Canadian real estate market sales fall in April

The dampening effect of interest rate hikes on the Canadian real estate market, which has been heating up rapidly in recent years, is emerging. Statistics released by the Canadian Real Estate Association on May 16 showed that national home sales in Canada fell 12.6% in April this year from the previous month.

April’s real estate price index fell 0.6% month-on-month, but was still up 23.8% year-on-year. The real average selling price of real estate nationwide rose 7.4% year-on-year in April on a non-seasonally adjusted basis. Actual transaction volumes, not seasonally adjusted, were 25.7% lower than a year earlier.

Canadian real estate

After several years of record-breaking growth, real estate markets in many parts of Canada have cooled sharply over the past two months, in line with a jump in interest rates and buyer fatigue, said Jill Odell, president of the Canadian Real Estate Association. compliant.

Sales are in decline in about 80 per cent of local markets across Canada. The national average home price is largely influenced by sales in the two most active and expensive markets, Metro Vancouver and the Greater Toronto Area.

Home sales recorded by the nationally connected system fell 12.6 per cent between March and April this year, showing that monthly activity in the housing market was at its lowest level since summer 2020.

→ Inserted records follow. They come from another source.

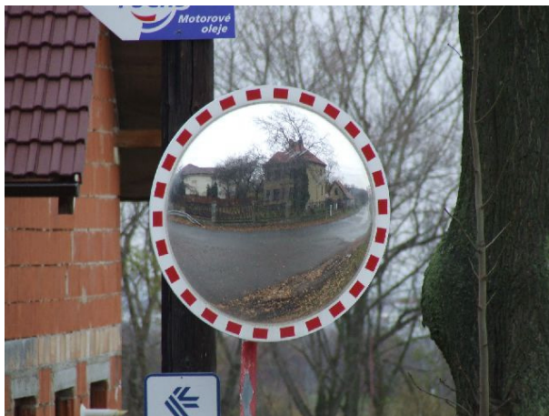
Obr. 6 Dopravní zrcadlo z pohledu řidiče
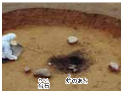
八千代遺跡の「炉」のあと、住居あとの床にあった。
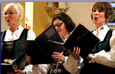
Syng med oss!
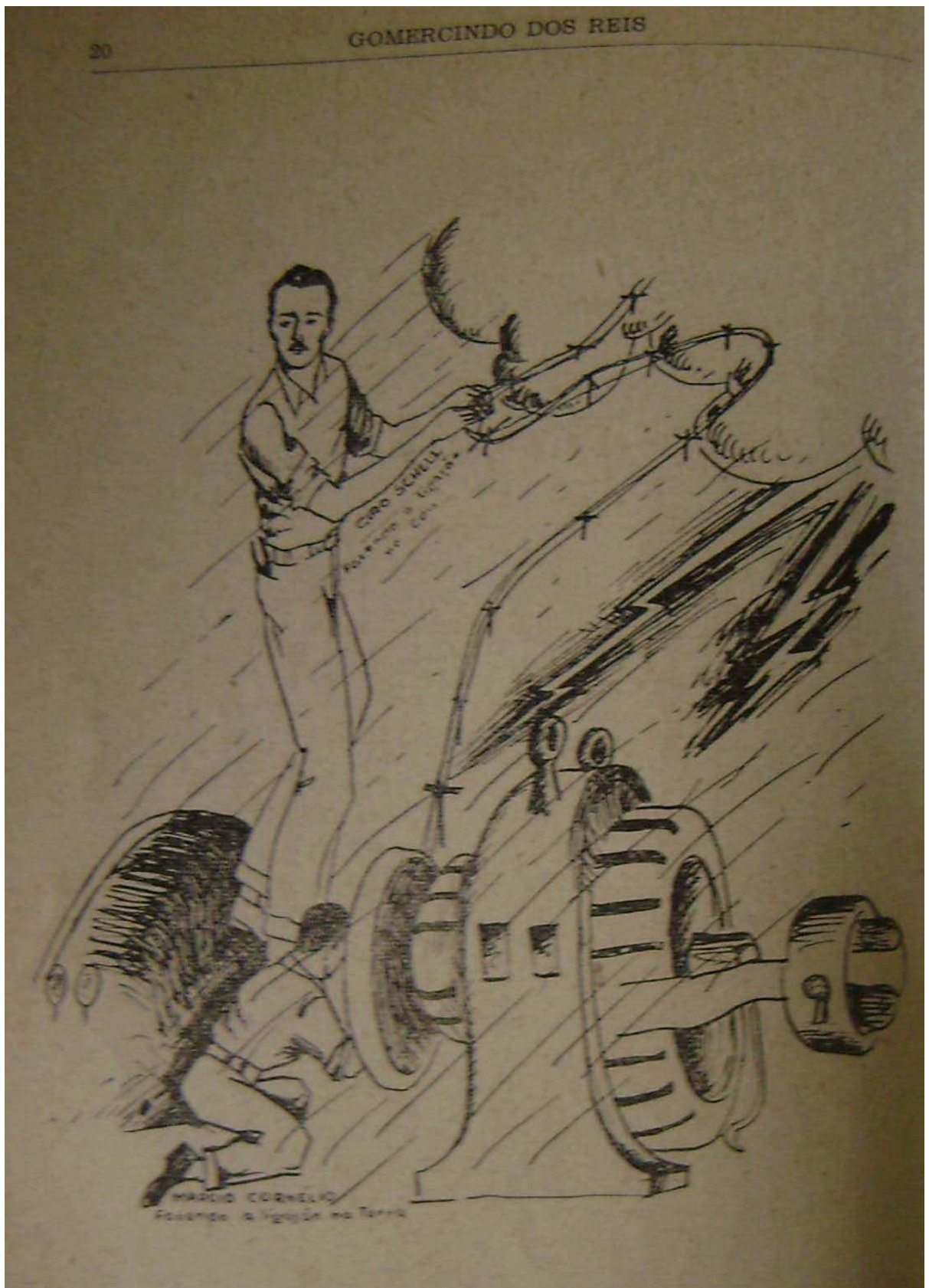
Ilustração 2: “Usina Celeste” publicada no livro “Jardim de Urtigas”, de 1957, p. 20.
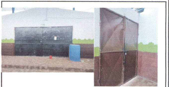
foto 4. Reparacion y mantenimiento de portones
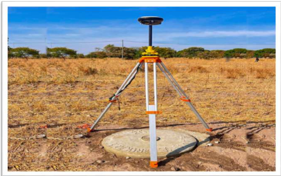
Alama za Msingi za upimaji wa ramani.

zaidi kwenye usimikaji wa Vituo vya Kielektroniki vya Upimaji ( Continuously Operating Reference Station- CORS ) ambavyo vitawezesha kazi za upimaji kufanyika kwa ufanisi zaidi.
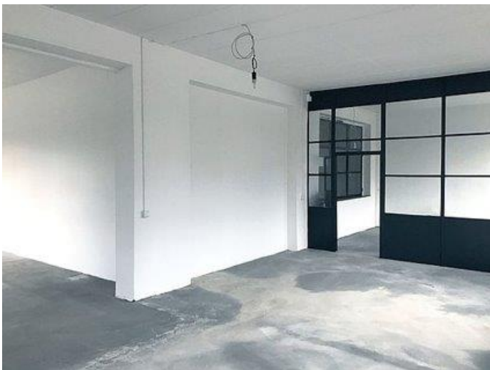
Abbildung 4: Leere Büroräumlichkeiten zu Projektbeginn

Zum Aufbau der Produktion wurden Büroräumlichkeiten angemietet, die sich in einen Büroraum und eine gewerbliche Produktionsfläche aufteilen (siehe Abbildung 4).
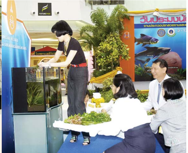
สมเด็จพระเจ้าลูกเธอ เจ้าฟ้าจุฬาภรณวลัยลักษณ์ อัครราชกุมารี และ พระเจ้าวรวงศ์เธอ พระองค์เจ้าโสมสวลี พระวรราชาทินัดดามาตุ เสด็จจัดตู้ปลาไฟพระหัตถ์ เมื่อวันที่ 1 ก.ค.ที่ผ่านมา ณ บริเวณแคสคาต้า (Cascata) ชั้น G ศูนย์การค้าฟิวเจอร์พาร์ค รังสิต
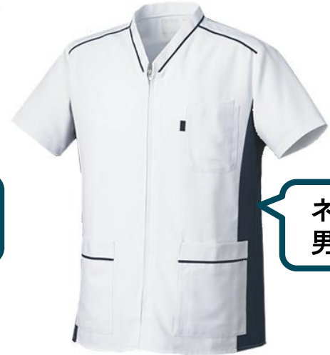
ネイビー 男女共用
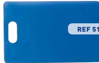
PLAQUE MASSAGE CARDIAQUE
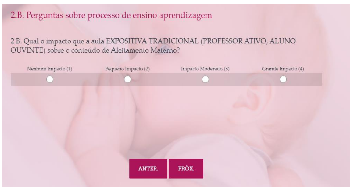
Figura 04 – Questão 2.B do Questionário de Avaliação de Processo de Ensino-Aprendizagem acerca de Aleitamento Materno.
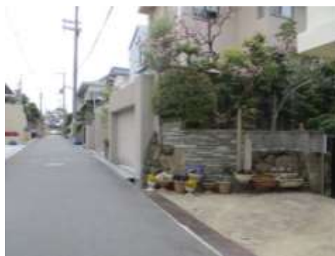
住民発意の地区計画策定が進む緑丘地区
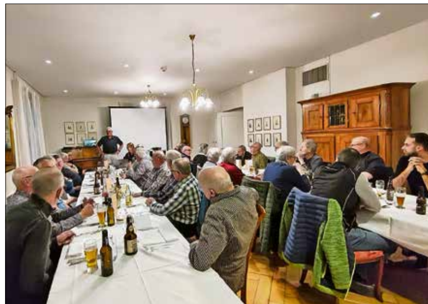
Ein Blick in die Versammlungsrunde.
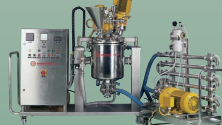
REACTRON® RT 50 (customer specific) REACTRON® RT 50 (Kundenauslegung)
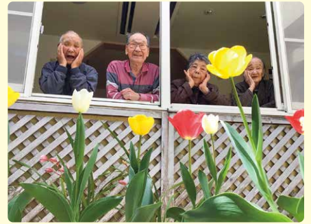
「笑顔の花が咲く」 (グループホーム すずらん棟)
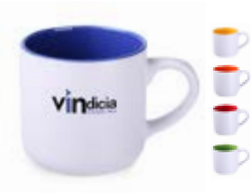
Diego Pure 350 ml
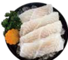
鮮嫩巴沙魚 Basa Fish-バンシャ魚 베트남메기·ปลาสดสด Cá ba sa
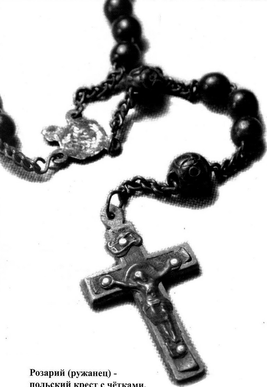
Розарий (ружанец) - польский крест с чётками. XIX в. (6392 ОФ)
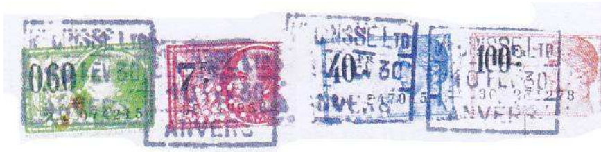
Afb. De vier geperforeerde fiscaalzegels. (ware grootte).

Ik zocht tevergeefs naar deze perfin in de catalogus en andere documentatie. Ik bekeek ook alle perfins, die beginnen of eindigen met een "M", maar vond niets dat overeenkomt.
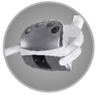
Lampa LED D4-2
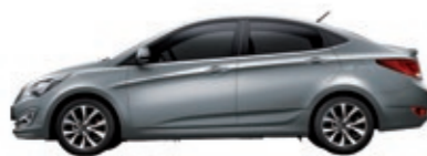
Серый металлик (SAE)
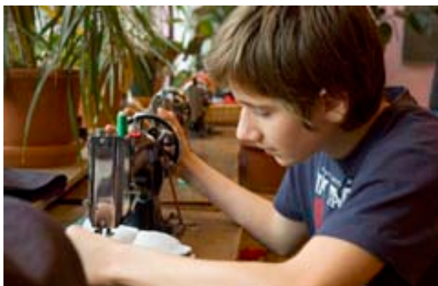
Die Herstellung von Taschen ist nicht nur eine Mädchenarbeit
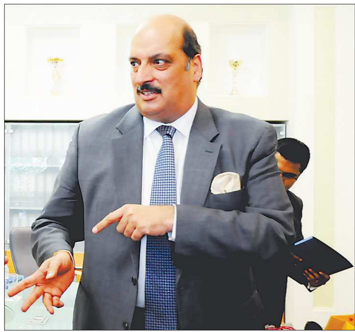
Инди́йский посол признался, что ни ему, ни его согражданам уральские холода не страшны
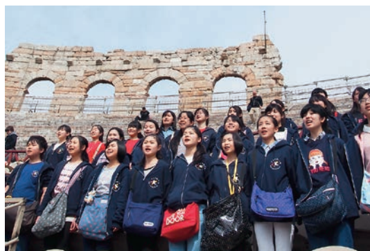
▲イタリア・ヴェローナの野外歌劇場では、イタリア政府観光局からの要請で急遽ライブ演奏を実施
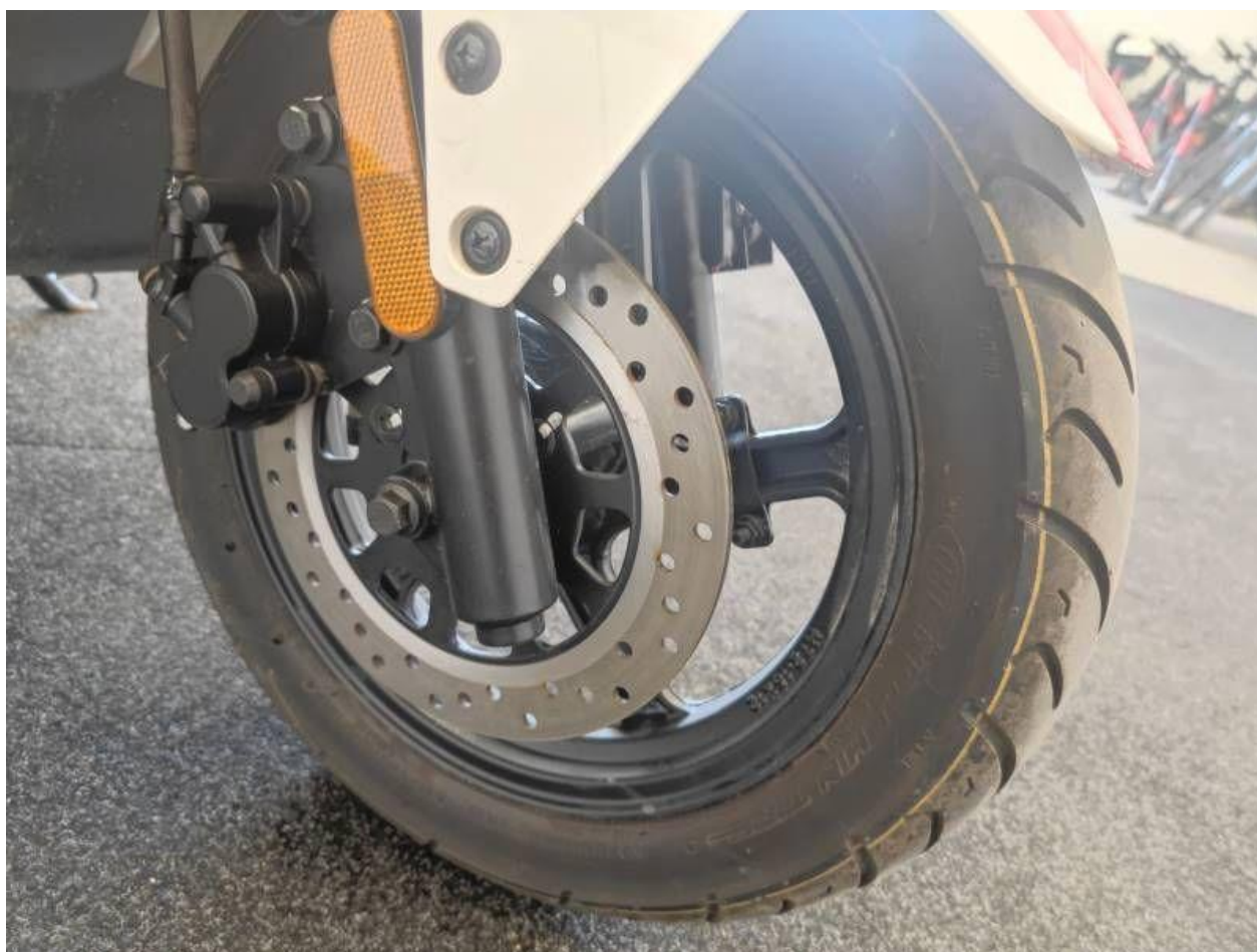
Fot. nr 26
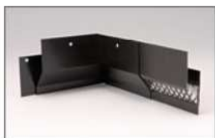
EPコーナーブラケットU
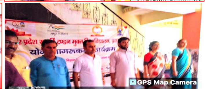
GPS Map Camera
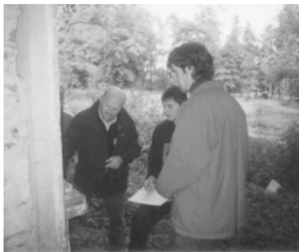
Vācu skolotājs konsultē mālpiliešus uzmērīšanas darbos.
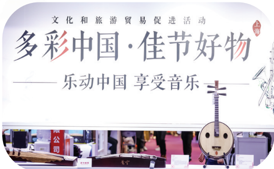
“多彩中国·佳节好物”活动现场
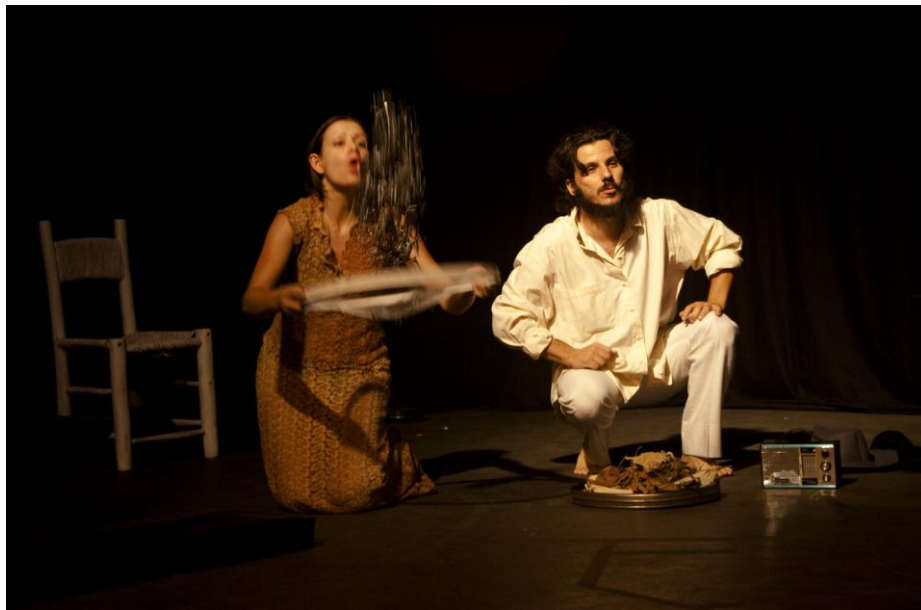
Figura 02 – Cena “Essência”
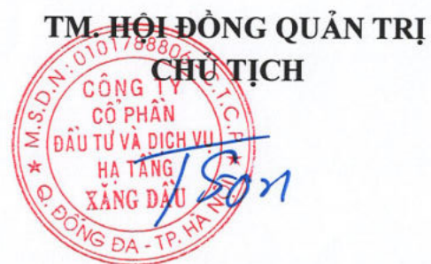
Trương Hùng Sơn
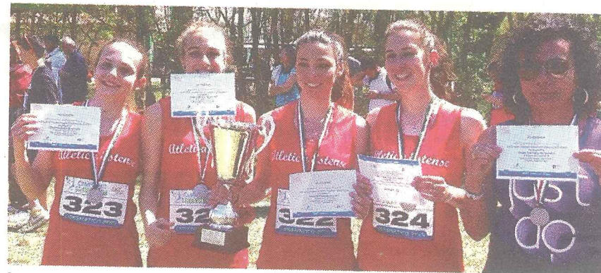
Le quattro ragazze del "Roiti" e la loro insegnante con la medaglia d'argento al collo

sugli spalti del campo scuola dai compagni e compagne dell'Atletica Estense: se la vittoria regionale era valsa una torta, questa volta ci vorrà molto di più.
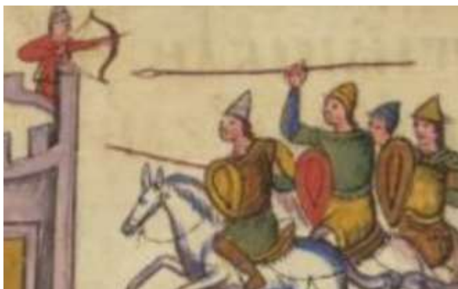
(изобр. 7) Български воин изобразен върху съд, съкровището от Наг Сент Миклош .

https://offnews.bg/kultura/zlatnoto-sakrovishte-ot-nag-sent-miklosh-v-balgaria-prez-april-646163.html .
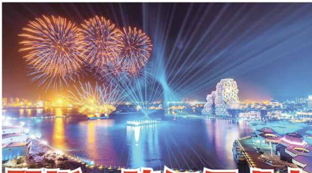
奪人眼目的愛河灣花火 (左圖)。3D 模擬未來式舞台 (下圖)。
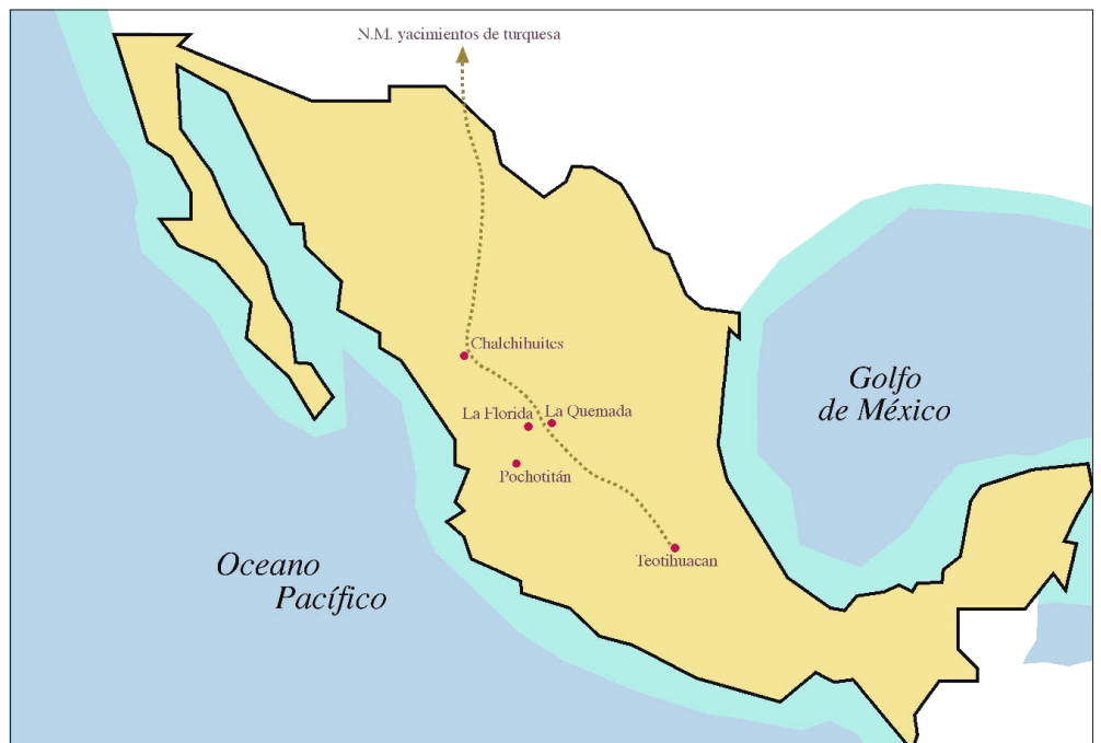
Figura 10. Mapa del comercio regional.

experiencia de las culturas en las regiones de Chalchihuites y de Bolaños, de su medio ambiente y su propio desarrollo; lo anterior no significa la veracidad de la realidad pasada, simplemente mi especial forma de ver las culturas en cuestión. Aun cuando reconozco la presencia de un complejo ceremonialismo religioso en estas representaciones pictóricas, también pienso que tendrían como base su entorno natural asociado con
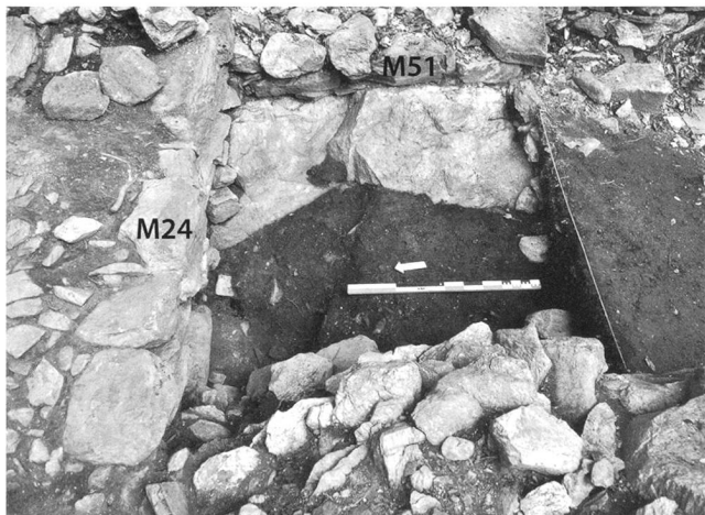
4: Fang VS / Tiébagette. Sondage 1, vue est. Mur ouest (M51) du bâtiment B7 et mur nord (M24) du bâtiment B14. Au fond du sondage, couche noire charbonneuse. – Blick von Osten auf Schnitt 1. Westmauer M51 von Bau B7 (oben) und Nordmauer M24 von Bau B14 (links). Am Boden des Schnittes eine schwarze holzkohlenhaltige Schicht.

gette est un lieu de production et qu'il est par conséquent habité, du moins une partie de l'année. 17 Un nouveau bâtiment (B14) est construit après le comblement de la fosse. Il remploie dans ces murs des pierres issues de l'ancien édifice B7. Cette construction n'est plus maçonnée et ses parois montées à sec devaient accueillir une superstructure en bois. Tout semble indiquer qu'il s'agit ici d'un bâtiment utilitaire, peut-être une grange-écurie. Les résultats du sondage 2 (S2) sont peu probants, car l'arrachage ancien d'un arbre a détruit en profondeur tout niveau archéologique. Pour terminer sur ces deux premiers sondages, deux conclusions sont permises. Tout d'abord, s'il n'est pas possible d'établir depuis quand le site est occupé, il est certain qu'il l'était au XV e siècle. L'occupation permanente du site semble perdurer jusqu'au XVI e siècle, comme l'attestent les restes fauniques. La construction d'un nouveau bâtiment lié probablement à une activité agro-pastorale indique plus une fréquentation temporaire du site qu'une véritable perduration du hameau.

The number of new listings fell 2.2% year-on-year in April, and the ratio of sales to new listings fell to 66.5%, meaning that activity in the housing market is at its lowest level since June 2020. The Canadian Real Estate Association believes that this ratio is on the verge of forming a seller’s market and a balanced market.

Canada’s nationwide housing market still had 2.2 months of inventory at the end of April, a historically low level.

After the emergence of the COVID-19, the Bank of Canada slashed interest rates to ultra-low levels, and house prices continued to rise across Canada, with an overall increase of more than 50% so far.

The Bank of Canada announced on March 2 that it would raise interest rates for the first time since October 2018, raising the benchmark interest rate from 0.25% to 0.5%. On April 13, the Bank of Canada further raised interest rates to 1% and announced that it would start a quantitative tightening policy. The next window for the Bank of Canada to raise interest rates is June 1. It is widely expected that the Bank of Canada will raise interest rates further.